A recipe is just a directed acyclic graph…

Posted by Piers Cawley on Mar 3, 2019

In the last post I handwaved the way I represented bakery formulae in the bakery database, so here’s a little more detail. It helps to think of a bakery formula as a node on a directed acyclic1 graph with weighted edges, where the weights are literally weights. Here’s the graph a for a couple of products

And here’s how we represent that in the database2:

name ingredient format
Small Seedy Malt Seedy Malt Dough 0.63 kg
Small White Wild Basic White Sour 0.63 kg
Basic White Sour Organic white flour 2.00 kg
Basic White Sour Sea salt 0.06 kg
Basic White Sour Water 1.10 kg
Basic White Sour 80% starter 1.80 kg
Seedy Malt Dough 5 Seed Soaker 4.00 kg
Seedy Malt Dough Water 3.80 kg
Seedy Malt Dough Sea salt 0.22 kg
Seedy Malt Dough 80% starter 3.60 kg
Seedy Malt Dough Organic light malthouse flour 8.00 kg
5 Seed Soaker Water 1.20 kg
5 Seed Soaker 5 seed mix 1.00 kg
Mother Water 3.20 kg
Mother Organic white flour 4.00 kg

Suppose we have an order for 8 Small White loaves. We need to know how much starter to mix tonight. We know that we need 0.63 kg of dough for each loaf, so that’s a total of 5.04 kg of Basic White Sour. The formula for Basic White Sour makes a total of \(1.10 + 1.80 + 0.06 + 2.00 = 4.96 \mathrm{kg}\) of dough. So we need to multiply each quantity in that formula by the weight of dough we need divided by the total weight of the recipe \((5.04/4.96 = 1.016)\). This is straightforward enough for flour, water and salt, which are basic ingredients, but we’ll need to do a similar calculation to work out how much flour and water we’ll need to make \(1.016 × 1.8 = 1.829 \mathrm{kg}\) of starter. You can see how this might become a little tedious.

If I were going to be doing these calculations by hand, it would definitely pay me to normalize my intermediate formulae so they all made a total of 1 kg of stuff. But screw that, we have a computer, so we can make it do the work.
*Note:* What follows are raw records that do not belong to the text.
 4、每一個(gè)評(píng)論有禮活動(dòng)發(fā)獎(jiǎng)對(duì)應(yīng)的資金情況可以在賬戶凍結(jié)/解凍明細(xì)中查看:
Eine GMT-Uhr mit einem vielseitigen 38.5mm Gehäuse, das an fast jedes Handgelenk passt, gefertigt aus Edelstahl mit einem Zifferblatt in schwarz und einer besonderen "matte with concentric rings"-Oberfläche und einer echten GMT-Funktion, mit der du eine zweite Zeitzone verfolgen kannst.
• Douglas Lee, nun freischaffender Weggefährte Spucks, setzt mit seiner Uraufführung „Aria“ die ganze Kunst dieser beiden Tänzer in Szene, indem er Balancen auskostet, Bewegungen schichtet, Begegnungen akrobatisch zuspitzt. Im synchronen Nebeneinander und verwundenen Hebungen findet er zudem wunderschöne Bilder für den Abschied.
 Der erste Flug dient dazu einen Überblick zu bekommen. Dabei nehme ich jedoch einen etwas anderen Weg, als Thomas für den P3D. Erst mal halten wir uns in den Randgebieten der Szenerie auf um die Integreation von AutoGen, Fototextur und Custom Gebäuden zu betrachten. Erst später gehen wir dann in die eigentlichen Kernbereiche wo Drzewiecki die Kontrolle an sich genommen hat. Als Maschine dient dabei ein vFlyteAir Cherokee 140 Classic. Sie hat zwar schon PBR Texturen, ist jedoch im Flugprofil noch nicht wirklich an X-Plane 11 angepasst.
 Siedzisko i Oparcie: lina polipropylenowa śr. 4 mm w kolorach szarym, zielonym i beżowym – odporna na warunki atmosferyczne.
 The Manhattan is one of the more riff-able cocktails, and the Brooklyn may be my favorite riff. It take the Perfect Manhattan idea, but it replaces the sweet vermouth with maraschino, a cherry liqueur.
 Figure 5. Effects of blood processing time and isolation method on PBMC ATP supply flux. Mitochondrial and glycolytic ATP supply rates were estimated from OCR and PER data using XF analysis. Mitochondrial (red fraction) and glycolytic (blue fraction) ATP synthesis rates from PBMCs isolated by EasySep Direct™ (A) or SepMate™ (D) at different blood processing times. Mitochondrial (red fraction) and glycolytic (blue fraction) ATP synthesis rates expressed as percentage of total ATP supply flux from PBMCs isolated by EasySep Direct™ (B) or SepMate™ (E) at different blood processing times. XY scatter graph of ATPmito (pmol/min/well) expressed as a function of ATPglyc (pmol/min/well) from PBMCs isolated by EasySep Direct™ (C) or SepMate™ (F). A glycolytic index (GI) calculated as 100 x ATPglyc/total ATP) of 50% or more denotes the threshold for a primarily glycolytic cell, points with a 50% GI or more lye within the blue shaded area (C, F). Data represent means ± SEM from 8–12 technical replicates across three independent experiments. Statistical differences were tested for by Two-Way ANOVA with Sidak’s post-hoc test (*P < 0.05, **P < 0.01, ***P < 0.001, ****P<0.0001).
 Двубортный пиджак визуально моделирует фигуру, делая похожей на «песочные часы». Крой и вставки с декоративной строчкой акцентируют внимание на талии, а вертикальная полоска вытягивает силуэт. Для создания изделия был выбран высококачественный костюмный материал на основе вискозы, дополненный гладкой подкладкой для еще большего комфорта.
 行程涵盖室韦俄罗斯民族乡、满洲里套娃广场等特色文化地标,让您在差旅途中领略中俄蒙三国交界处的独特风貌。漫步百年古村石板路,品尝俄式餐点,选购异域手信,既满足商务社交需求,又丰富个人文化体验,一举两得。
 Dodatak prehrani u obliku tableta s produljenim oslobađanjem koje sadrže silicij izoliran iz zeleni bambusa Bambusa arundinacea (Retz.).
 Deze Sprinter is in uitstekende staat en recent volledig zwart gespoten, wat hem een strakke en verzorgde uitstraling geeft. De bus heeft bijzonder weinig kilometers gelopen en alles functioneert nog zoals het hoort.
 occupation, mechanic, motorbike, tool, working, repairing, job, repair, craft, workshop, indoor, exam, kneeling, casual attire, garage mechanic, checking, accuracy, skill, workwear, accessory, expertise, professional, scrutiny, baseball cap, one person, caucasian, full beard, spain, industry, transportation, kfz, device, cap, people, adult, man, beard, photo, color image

I’m going to simplify things a little (the real database understands about dates, and we need to know a little more about recipes, products and ingredients than will fit in the recipe_item table that describes the graph) but this should give you an idea of the recursive queries that drive production planning.

Let’s introduct a production_order table, where we stash our orders3:

product quantity
Small White Wild 5
Small Seedy Malt 5

And that’s all we need to fire off a recursive query4.

WITH RECURSIVE po(product, quantity) AS (
    SELECT 'Small White Wild', 5
  UNION
    SELECT 'Large White Wild', 5
), rw(recipe, weight) AS (
    SELECT recipe, sum(amount)
      FROM bakehouse.recipe_item
  GROUP BY recipe
), job(product, ingredient, quantity) AS (
    SELECT po.product,
           ri.ingredient,
           po.quantity * ri.amount
      FROM po
      JOIN bakehouse.recipe_item ri ON po.product = ri.recipe
      JOIN rw ON ri.recipe = rw.recipe
  UNION
    SELECT job.ingredient, ri.ingredient, job.quantity * ri.amount / rw.weight
      FROM job
      join bakehouse.recipe_item ri on job.ingredient = ri.recipe
      join rw on job.ingredient = rw.recipe
)
SELECT product formula, ingredient, ROUND(sum(quantity),2) quantity from job group by job.product, job.ingredient order by formula;

Which gives the following result:

formula ingredient quantity
Basic White Sour Sea salt 0.09
Basic White Sour Water 1.72
Basic White Sour Mother 2.81
Basic White Sour Organic white flour 3.13
Large White Wild Basic White Sour 4.65
Mother Organic white flour 1.56
Mother Water 1.25
Small White Wild Basic White Sour 3.10

A quick sanity check seems to show this is correct (we’re making 7.75kg of Basic White Sour, which tallies with the weights needed to make the loaves). So what’s going on in the query? In SQL, WITH is a way of giving names to your intermediate results, akin to let in a Lisp. We fake up a table to hold our production orders (po) and the rw clause is totals the weights of all our recipes (in the real database, it’s a view). The magic really starts to happen when you use the WITH RECURSIVE form. With RECURSIVE in play, the last query is treated differently. Instead of being a simple two part UNION what happens is that we first run:

SELECT po.product, ri.ingredient, po.quantity * ri.amount
  FROM po
  JOIN bakehouse.recipe_item ri on po.product = ri.recipe
  JOIN rw on ri.recipe = rw.recipe

and call the results job and then run the second query, adding any extra rows generated to the results, and repeating that query until the result set stops growing. If we didn’t have WITH RECURSIVE available, and we knew the maximum depth of recursion we would need, we could fake it by making a bunch of intermediate clauses in our WITH. In fact, until I worked out how WITH RECURSIVE works, that’s exactly what I did.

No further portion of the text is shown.